Common-law writs of procedure that have not been abrogated or superseded by the Constitution or by statutory regulations are available in this state, but the use of such judicial writs may be regulated by statute or by rules of court duly promulgated under statutory authority... . 107 So. at p. 537.

Although writs of error coram nobis have now been abolished in civil cases by rule 1.540(b), Rules of Civil Procedure, this remedy remains viable in criminal cases because it has not been expressly abrogated or superseded. Our recent decision in Ohio Casualty Co. v. Parrish, 350 So.2d 466 (Fla. 1977), where the issue was whether rule 1.540, Rules of Civil Procedure, allows the trial court to entertain a timely motion to modify a civil judgment without first obtaining permission of the appellate court, is not applicable in this case where coram nobis is sought in a criminal case.[2]

The requirements of a writ of error coram nobis have been set out in numerous cases from this Court. A petition for *485 this writ addressed to the appellate court must disclose fully the alleged facts relied on; mere conclusory statements are insufficient. The appellate court must be afforded a full opportunity to evaluate the alleged facts for itself and to determine whether they establish prima facie grounds. Lamb v. State, supra; Washington v. State, 92 Fla. 740, 110 So. 259 (1926); Urga v. State, 157 Fla. 794, 26 So.2d 786 (1946). Furthermore, the petition should assert the evidence upon which the alleged facts can be proved and the source of such evidence. Russ v. State, 95 So.2d 594 (Fla. 1957). The function of a writ of error coram nobis is to correct errors of fact, not errors of law. Leavitt v. State, 116 Fla. 738, 156 So. 904 (1934). The facts upon which the petition is based must have been unknown by the trial court, by the party, or by counsel at the time of trial, and it must appear that defendant or his counsel could not have known them by the use of diligence. Kinsey v. State, 155 Fla. 159, 19 So.2d 706 (1944).

In considering a petition for writ of error coram nobis, the appellate court has the responsibility to determine the legal effect of the facts alleged upon the previously entered judgment. When the appellate court finds that the facts are sufficient in legal effect, the next step is for the trial court to determine the truth of the allegations in an appropriate evidentiary hearing. Chambers v. State, 117 Fla. 642, 158 So. 153 (1934).
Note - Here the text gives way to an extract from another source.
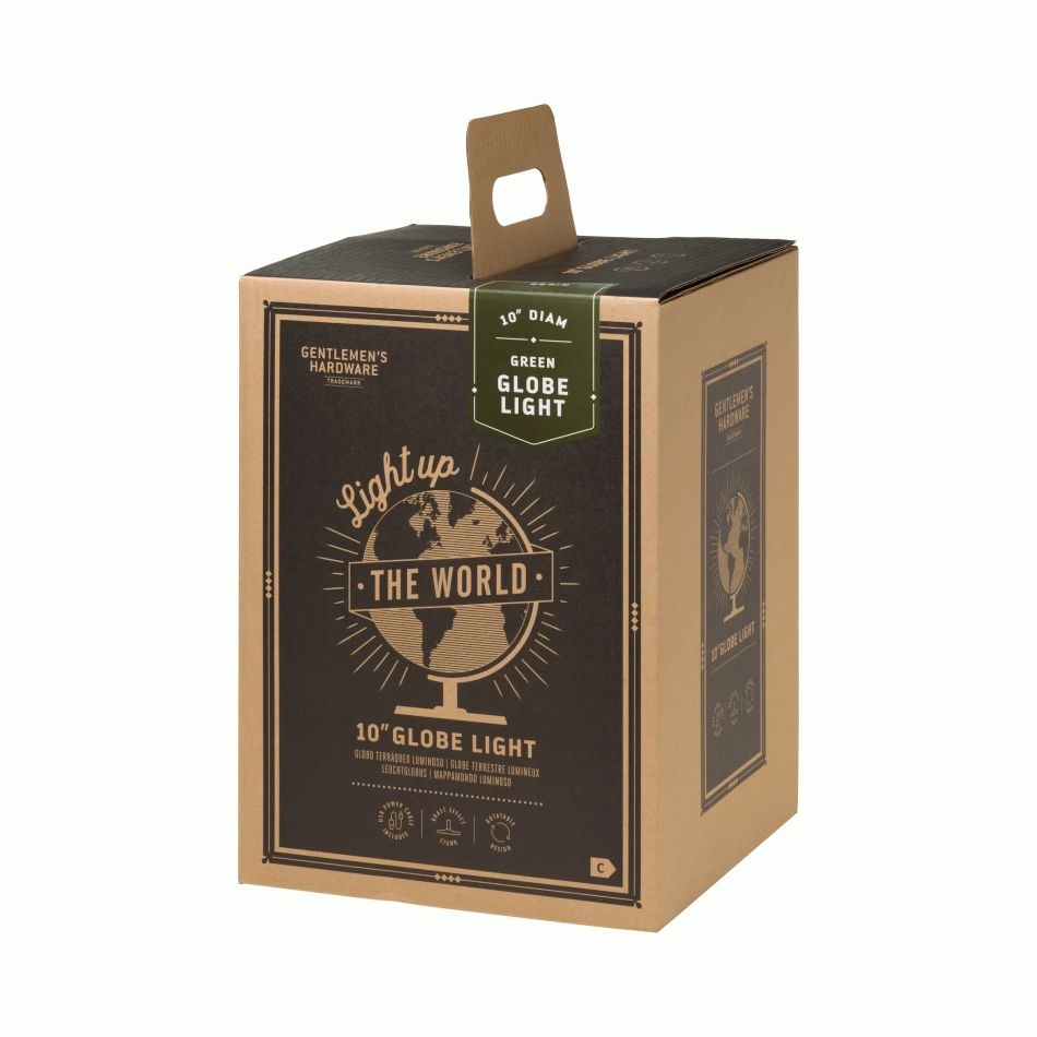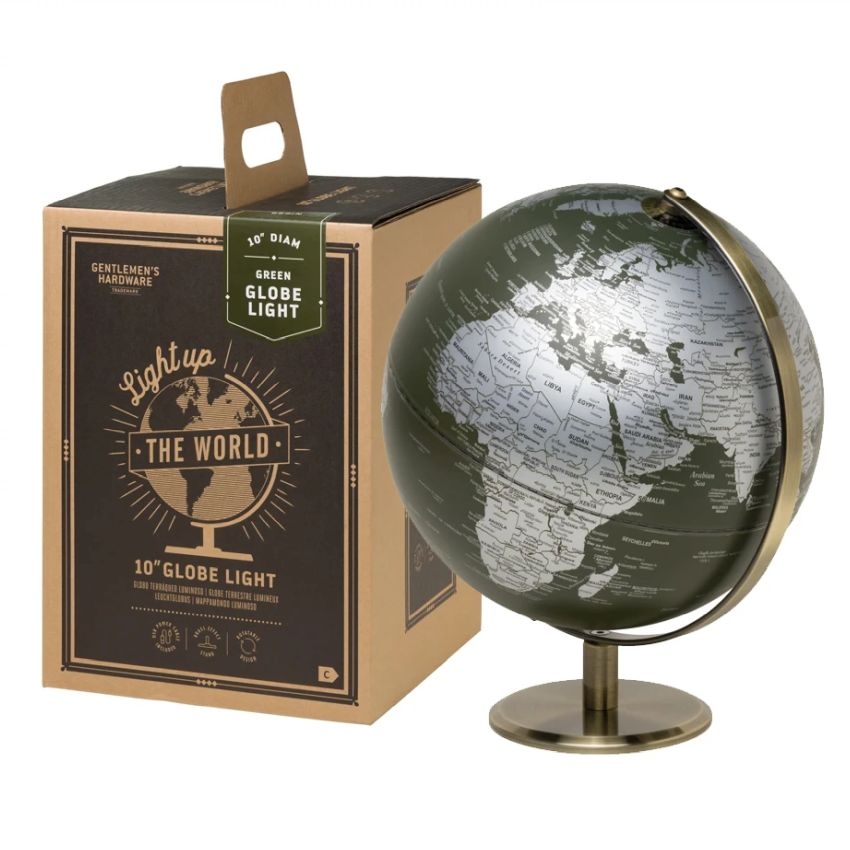 Η ομορφιά της Γης είναι μια ατελείωτη πηγή γοητείας και έμπνευσης. Η εντυπωσιακή υδρόγειος με πράσινο χρώμα στη θέση της θάλασσας, παρέχει φως στο σκοτάδι και σας επιτρέπει να μελετήσετε όλες τις χώρες και τις πόλεις του κόσμου. Η συμπαγής βάση είναι κατασκευασμένη από υψηλής ποιότητας ανοξείδωτο χάλυβα, που εξασφαλίζει τη σταθερότητα της Υδρογείου. Η ομορφιά της Γης είναι μια ατελείωτη πηγή γοητείας και τώρα το Gentlemen’s Hardware έχει μετατρέψει την υδρόγειο σε λάμπα για να στολίσει το γραφείο ή το κομοδίνο σας. Όχι μόνο ανάβει στο σκοτάδι, αλλά μπορεί επίσης να σας διδάξει για τις χώρες και τις πόλεις του κόσμου.. Η βάση της υδρόγειου είναι κατασκευασμένη από ανοξείδωτο χάλυβα, κρατώντας όλο τον κόσμο με ασφάλεια στα χέρια σας και είναι εύκολο να το τοποθετήσετε συνδέοντάς το σε μια πρίζα με καλώδιο Usb. Με τη μεγάλη διάρκεια ζωής και τις σαφείς πληροφορίες για χώρες και πόλεις, αυτή η λάμπα-υδρόγειος είναι ένα πραγματικό στολίδι.

The general rule repeatedly employed by this Court to establish the sufficiency of an application for writ of error coram nobis is that the alleged facts must be of such a vital nature that had they been known to the trial court, they conclusively would have prevented the entry of the judgment. Williams v. Yelvington, 103 Fla. 145, 137 So. 156 (1931); House v. State, 130 Fla. 400, 177 So. 705 (1937); Baker v. State, 150 Fla. 446, 7 So.2d 792 (1942); Cayson v. State, 139 So.2d 719 (Fla.1st DCA), appeal dismissed, 146 So.2d 749 (Fla. 1962). In Russ v. State, this Court expressly stated: "The showing must be such that if the matters shown had been before the trial court when judgment was entered, the court would have been precluded from entering the judgment." 95 So.2d at 597 (emphasis added).